1. Place the liquid egg whites into a metal bowl and let them warm up to at least room temperature. (I place the bowl on the oven while the oven is pre-heating so the egg whites get even warmer.)

2. Preheat the oven to 215 degrees Fahrenheit.

3. Line a cookie sheet with parchment paper.

4. Beat the eggwhites for about 5 minutes, until they start to stiffen.

5. Slowly add in the Cream of Tartar while continuing to beat the egg whites.

6. Slowly add in the Truvia while continuing to beat the egg whites.

7. Add the coconut extract and continue to beat. I try to drizzle it down the side of the bowl, as opposed to just pouring it in the center, because egg whites are VERY sensitive!

(The total beat time is about 10 minutes. You’ll know you’re done when you’re able to turn the bowl upside down and nothing falls out.)

8. Use a spoon to dollop the egg whites on to the parchment paper (I like to make 36 bite-sized cookies).

9. Put the tray in the oven for 25 minutes.

10. Rotate the tray and leave it in for another 22 minutes. (Every minute makes a difference. I like the texture the best at 22 minutes, but you might like them crunchier at 23 or 24 minutes. Feel free to experiment!)

11. When the time is up, turn the oven off but leave the cookies in there for a while, then transfer them to an airtight container. (This is especially important during the summer months when it’s humid. When it’s warm outside I’ll leave them in the oven for like an hour. But in the winter I usually take the tray out after only 20 minutes and just let them sit on top of the stove.)

All finished:



On the ingredients:

The recipe comes out perfectly fine when you use liquid egg whites, but on the few occasions when I’ve been able to use real egg whites, well, it has definitely been a treat! The texture is a bit different.
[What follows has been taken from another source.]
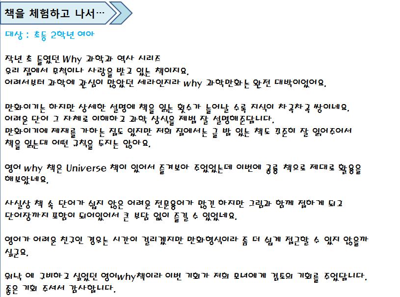 ÇöÀ̵鸾1´Ô~~³×..ÇѱÛÃ¥°ú ÇÔ²² Ȱ¿ëÇÏ´Ï ºÎ´ãµµ Àû°í ´õ¿í Àç¹ÌÀÖ°Ô ÀÐÀ» ¼ö ÀÖ¾ú´ä´Ï´Ù.^^* |

As far as the sweetener is concerned:  So far I’ve tried Sweet Leaf, Truvia, Stevia in the Raw, and various brands of liquid Stevia. I find that Truvia is the best, especially for baking, because there is less of a nasty, bitter aftertaste. I’ve read that there is debate over whether Truvia is truly “natural,” because of some of its ingredients. Honestly, I don’t care. It tastes the best, so that is what I use.

On the preparation:

You’ll know that the egg whites have been perfectly beaten when you’re able to turn the bowl upside down without the meringue falling out. I swear, every time I turn the bowl upside down and it doesn’t move I feel a huge sense of accomplishment.

On cooking:

I rotate the tray halfway through because in my oven they don’t cook evenly if I don’t do that. But I’ve read some recipes that say you shouldn’t open the oven when you’re cooking them. So…yeah, I don’t know.